GUIDING RAGE INTO POWER​

What is GRIP?

 

The GRIP program has been developed over 25 years of direct work with thousands of incarcerated people, mostly people with violent offenses, and their victims/survivors. The program started at San Quentin State Prison and has grown to include Avenal State Prison, Mule Creek State Prison, Correctional Training Facility, and Deuel Vocational Institution. It offers an in-depth journey where the participants are able to understand and transform their violent behavior and replace it with an attitude of mindfulness and emotional intelligence.

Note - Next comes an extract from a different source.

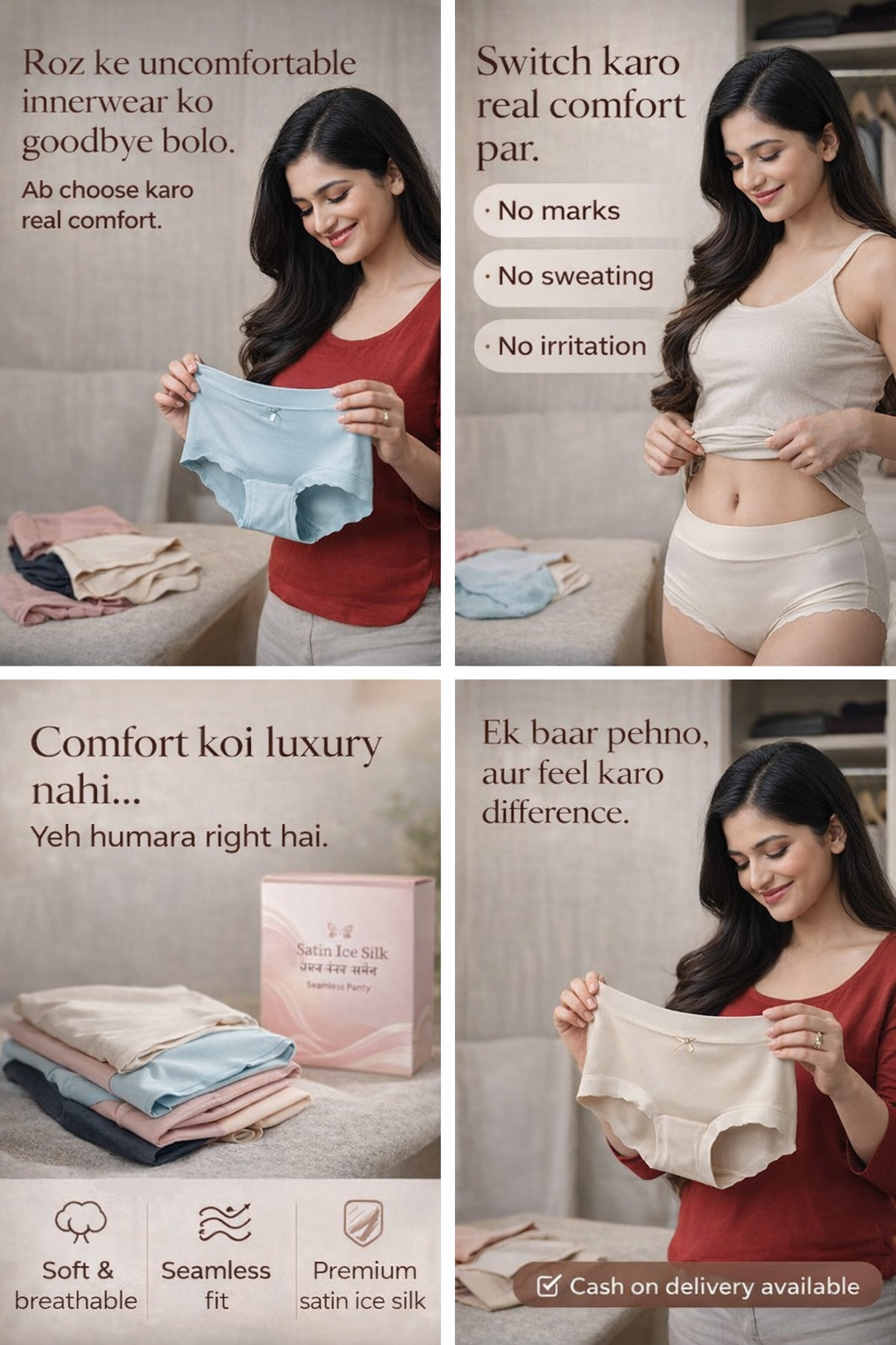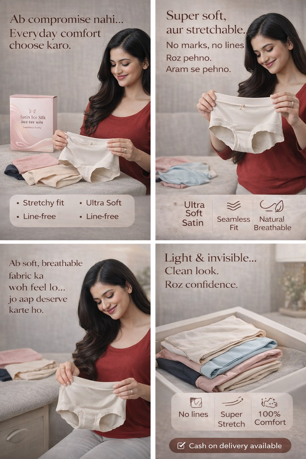 Experience the soft, smooth and premium feel of Satin Ice Silk Seamless Panties — designed for all-day comfort and a clean, invisible look under any outfit.
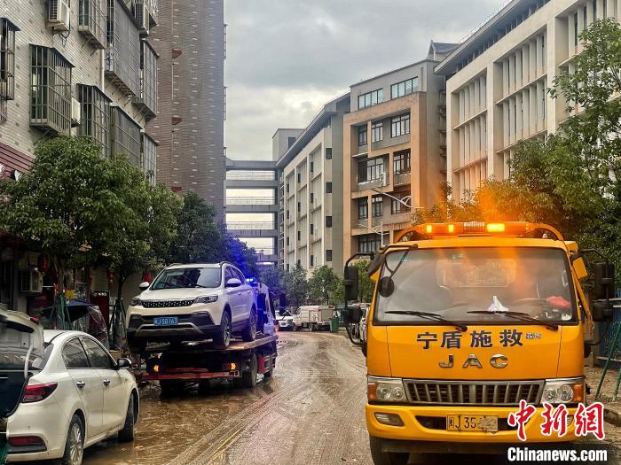 沿著中心街道往里走,越往里,積水退去后的殘留淤泥越多。街道兩側(cè),不時(shí)可看見堆放著不少被積水浸泡過后、無法使用的家具、生活用品以及貨物等,救援車將一部部受損車輛拖離現(xiàn)場。

This one-year program helps students comprehend the origins of their violence and develop the skills to track and manage strong impulses to avoid acting out in destructive ways. Students become “emotionally literate” by fully understanding feelings of anger and rage, learning to track the body signals that accompany those emotions, and engaging in a process to stop and discharge the buildup of tension in a safe manner. This program enables participants to identify and communicate the feelings that are masked by anger (such as sadness, fear, and shame) and process them. Students also develop the skills to understand and express the unmet needs that are covered up by the experience of rage.

The Four Elements of GRIP

1. Stop my violence/do no harm

2. Develop emotional intelligence

3. Cultivate mindfulness

4. Understand victim impact

 
 

Most rehabilitation programs singularly zero in on either academic, vocational purposes or addiction recovery. These are important efforts, yet they could be optimized if the root causes of what leads someone to offend were addressed directly. Our methodology consists of a transformational re-education modality that commits the participants to a process of deep self-inquiry and healing. The program examines the origins of criminogenic conduct and undoes the characteristic destructive behavioral patterns (including addiction) that lead to transgressions.

 
 

The program is a trauma-treatment-based model that integrates the latest brain research. One of the goals of the program is to heal the unprocessed pain from which people lash out. Participants partake in a process of creating an inventory of ‘unfinished business’ related to traumatic experiences that have become formative defense mechanisms and that generate triggered reactions. They also make a personal history of ‘violence suffered’ and ‘violence perpetrated’ to gain insight into origins and patterns of behavior. Each student signs a pledge to become a nonviolent person and a peacemaker; they graduate from being an offender to being someone dedicated to living a life of service.

 
 

A major component of the program is that it functions as a peer education model where experienced students co-facilitate the classes and mentor newer students. All participants become fully engaged as integral stakeholders of the program. The program employs a methodology called ‘normative culture’ wherein the students cultivate intrinsic motivation by being actively involved in both setting and enforcing the standards and norms that are integral to the course. This central value of the program ensures maximum ownership (‘the buy-in factor’) of the participants for their own learning process. 

 

With its status as a service provider through Marin Probation Department, the program is certified to meet the needs of parolees who must take a 52-week, court-ordered domestic violence program before their release into the community. The program also is able to certify incarcerated people as facilitators of domestic violence prevention as a job skill. 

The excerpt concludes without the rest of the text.